1. Celtics vs. Heat: Ein defensives Ausrufezeichen

4/17 erfolgreiche Dreier, 37,2 Prozent Feldwurfquote - so las sich die eher magere Ausbeute der Celtics-Offense nach den ersten 24 Minuten. Den meisten Fans im brodelnden TD Garden dürfte das relativ egal gewesen sein, trotz der überschaubaren Quoten lag Boston mit 24 Punkten in Front! Das Spiel war eigentlich schon zur Halbzeitpause entschieden, die Defense der Hausherren setzte beim 102:82-Blowout in Spiel 4 ein beeindruckendes Ausrufezeichen.
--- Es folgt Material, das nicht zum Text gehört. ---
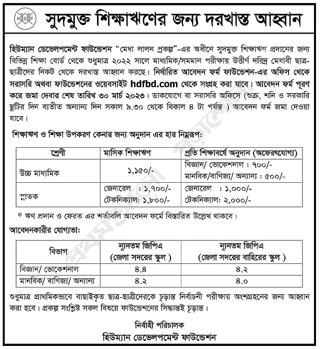 এইচএসসি ও স্নাতকের শিক্ষার্থীদের সুদমুক্ত শিক্ষাঋণের দরখাস্ত আহ্বান। হিউম্যান ডেভেলপমেন্ট ফাউন্ডেশন ‘মেধা লালন প্রকল্পের’ অধীনে শিক্ষার্থীদের সুদমুক্ত শিক্ষাঋণ প্রদান করবে। দেশের সব শিক্ষা বোর্ড থেকে শুধু ২০২২ সালে মাধ্যমিক/সমমান পরীক্ষায় উত্তীর্ণ দরিদ্র মেধাবী ছাত্রছাত্রীরা আবেদন করতে পারবে। আবেদন জমা দেয়ার শেষ সময় ৩০ মার্চ।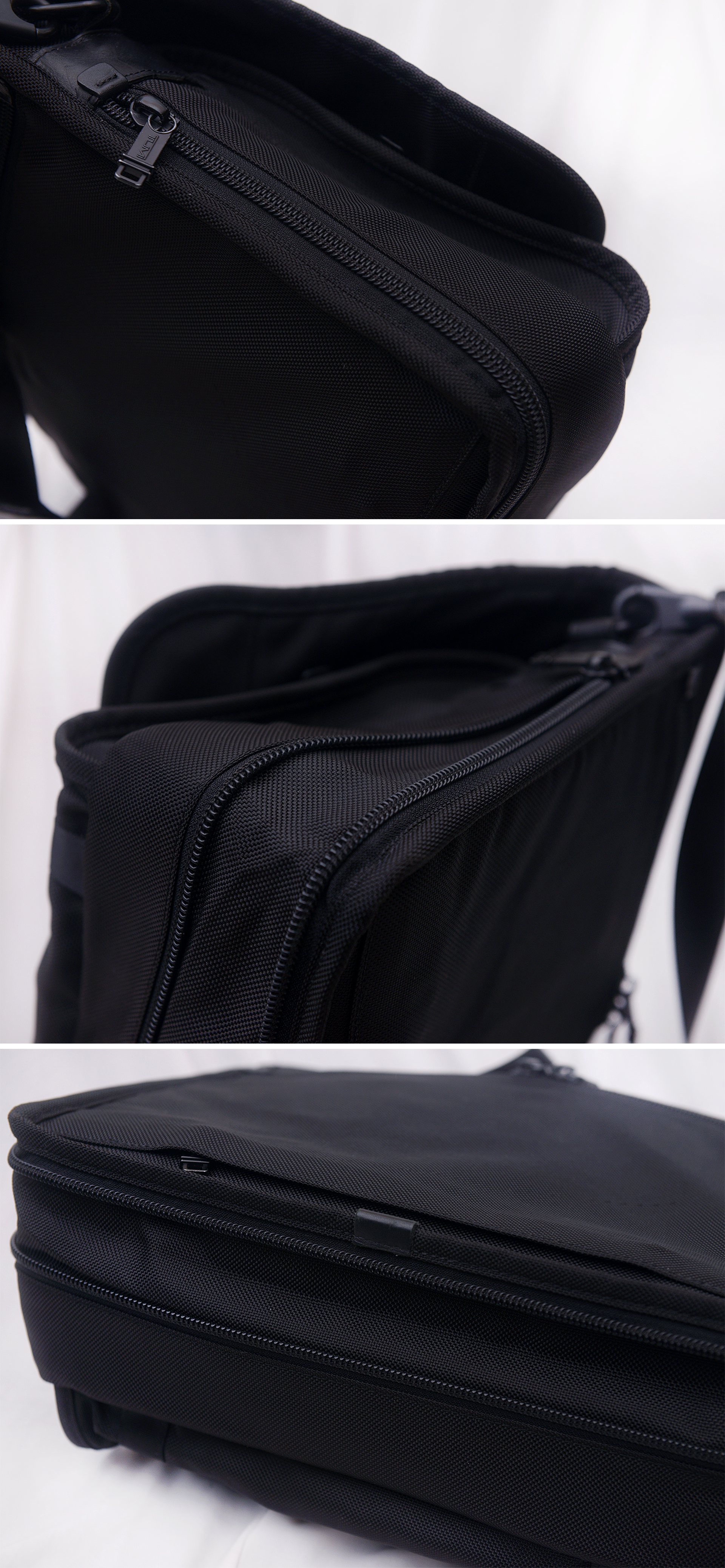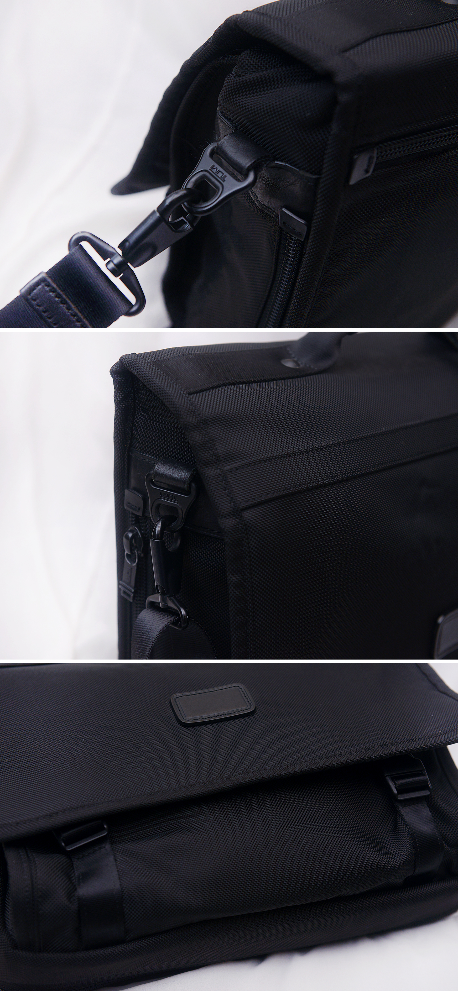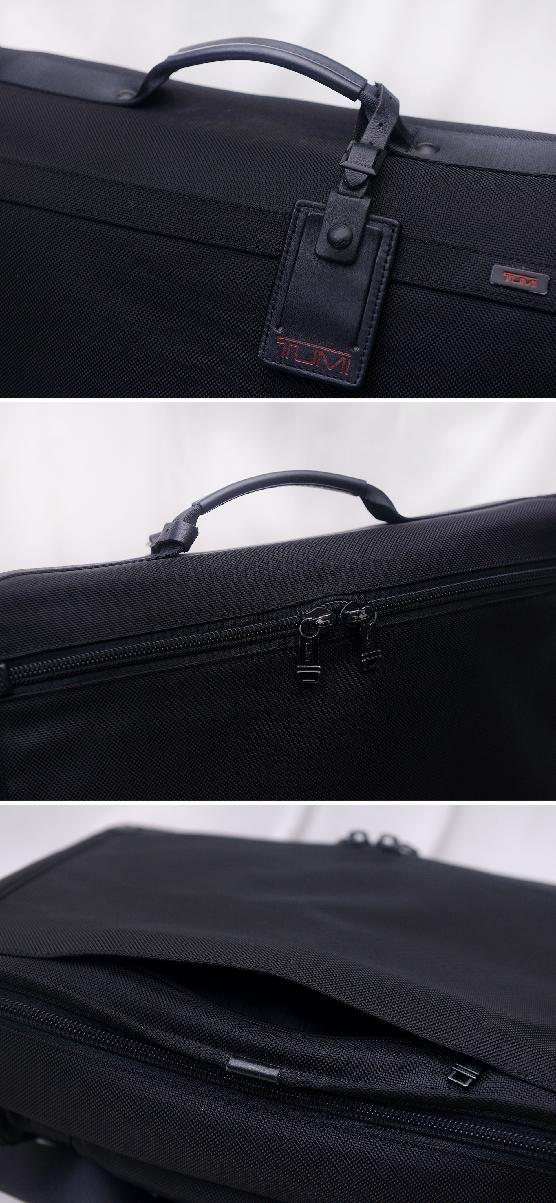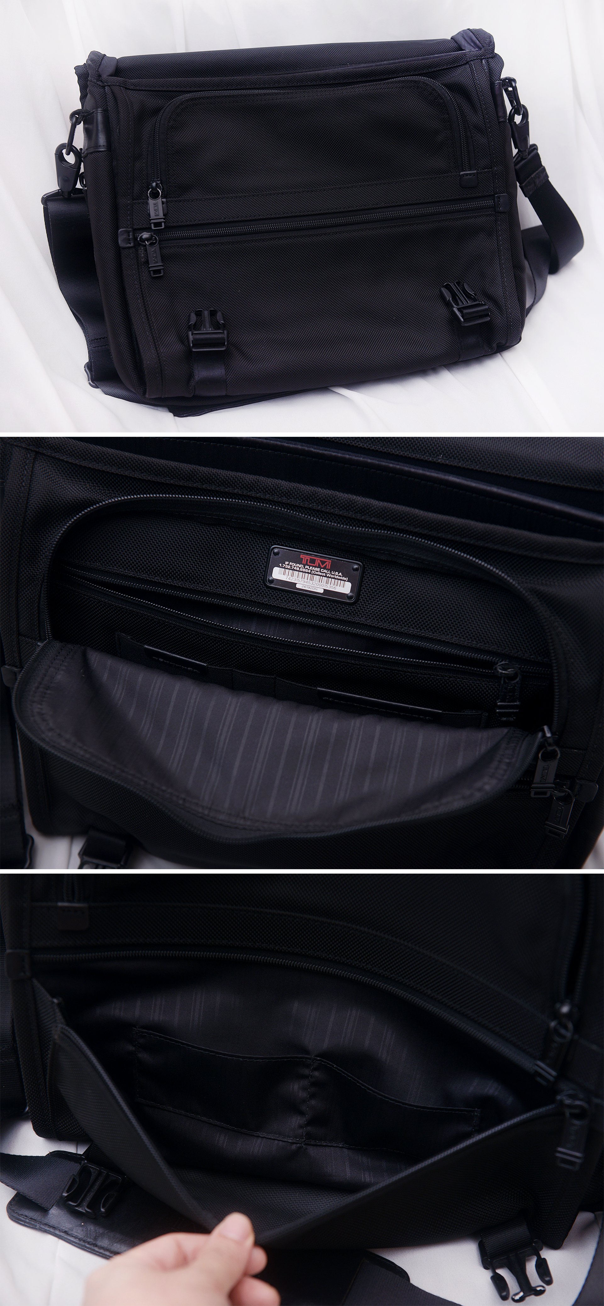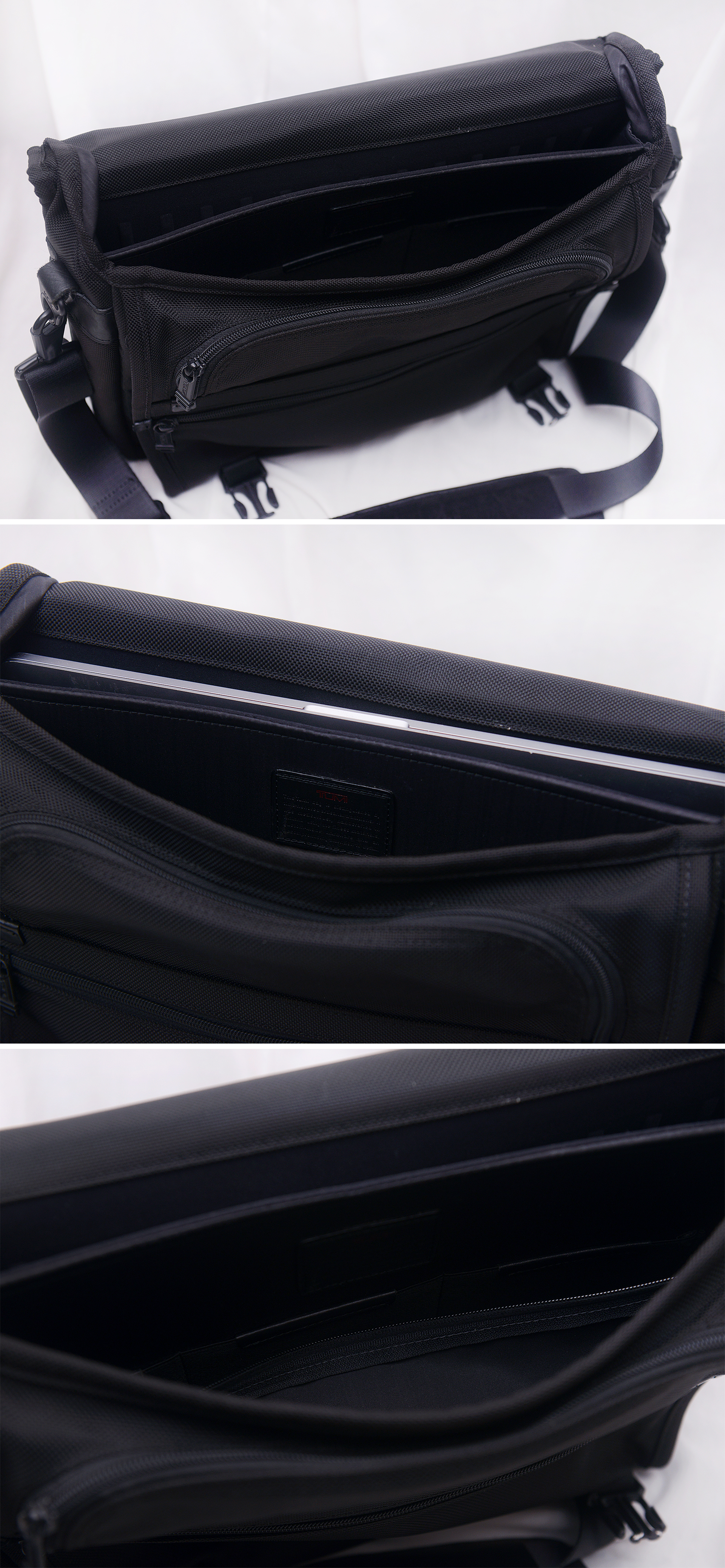 투미 고급형 빅 사이즈 랩탑 브리프케이스 메신저백으로 투미답게 가볍고 튼튼한 방탄 나일론 캔버스 소재에 핸들 및 주요부위에는 최고급 풀그레인 나파가죽 트림 되어 있고 후면 지퍼 포켓 열어서 캐리어 손잡이 결합 가능한 에드어백 시스템등 내.외부 포켓 구성 일일이 다 열거하기 힘들정도로 다채롭게 잘 되어있어 수납성.편의성 매우 좋습니다. A4 서류파일 및 15-16인치급 노트북 넉넉하게 수납 가능합니다.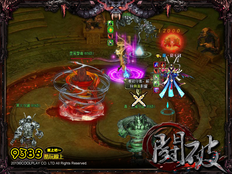 副本中,每隔一段時間BOSS周圍都會刷出4個冥火、罡風或者昊雷,3種單位觸碰到玩家後爆炸,給玩家附加上對應的負面狀態。每只BOSS都有一個終極技能,開啟終極技能時,BOSS需要先蓄力10秒鐘,此時在BOSS身邊刷出3尊守護石像(冥火守護、罡風守護、昊雷守護),擊碎石像可解除身上對應的負面狀態。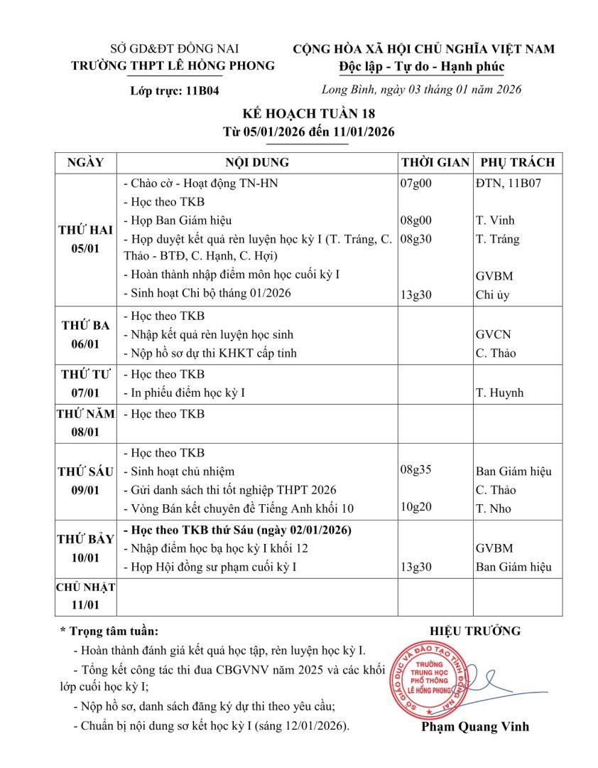 Kế hoạch Tuần 18 (05/01 => 11/01/2026)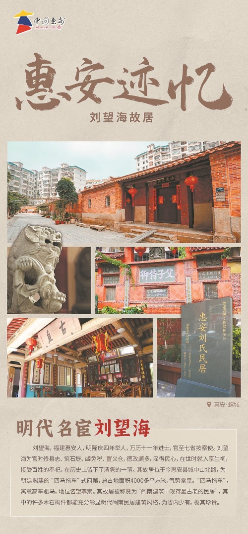 東南網(wǎng)11月6日訊(本網(wǎng)記者 林杰 閩南網(wǎng)記者 吳德月) 日前,惠安縣推出“惠安跡憶”主題系列海報,內容涵蓋惠安縣眾多歷史地標和文化遺跡,如王潮墓、劉望海故居(上圖)、弘一法師舊居、青山宮、青龍橋、辜氏祖厝、筆架寺等,通過圖文并茂的方式展示這些遺跡的現(xiàn)狀、歷史故事和文化意義。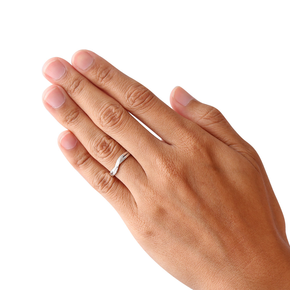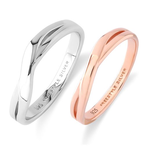 リングトップの中央部分がクロスした様に見えるシルバーリング。シンプルな中にも動きのあるデザインが特徴です。レディースリングにはピンクゴールドのコーティングを施し美しく仕上げております。リング内側に記念日やメッセージを刻印する事が出来ます。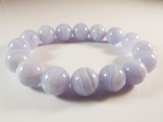 love beach youth 12mm Stretchable Blue Blue Lace Agate Bracelet Round, Smooth 7.5" for mens, womens, gf, bf & Adult.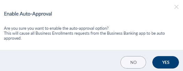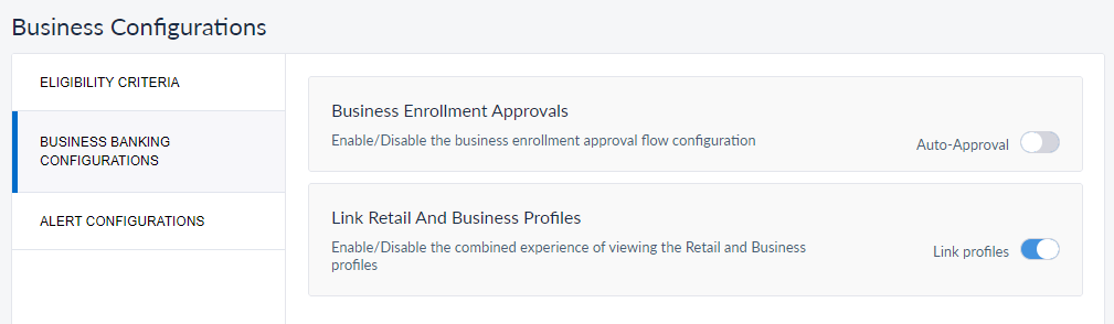 - Business Enrollment Approvals - You can enable or disable this configuration from here. If you enable this configuration, all the business enrollment requests received from the Online Banking application are approved automatically.

Coach Ime Udoka war nach Spiel 3 nicht sonderlich erfreut darüber, wie seine Jungs in die Partie gestartet waren. Alle Beteiligten nahmen sich die Worte des 44-Jährigen offenbar zu Herzen, dieses Mal machte Boston von der ersten Sekunde an keine Gefangenen. Der Abend des Gegners startete so: Turnover Bam Adebayo, Jumper an den Ring von Adebayo, Fadeaway von Jimmy Butler an den Ring, Floater von P.J. Tucker an den Ring. So oder so ähnlich ließe sich das Ganze noch über gut achteinhalb Spielminuten fortführen.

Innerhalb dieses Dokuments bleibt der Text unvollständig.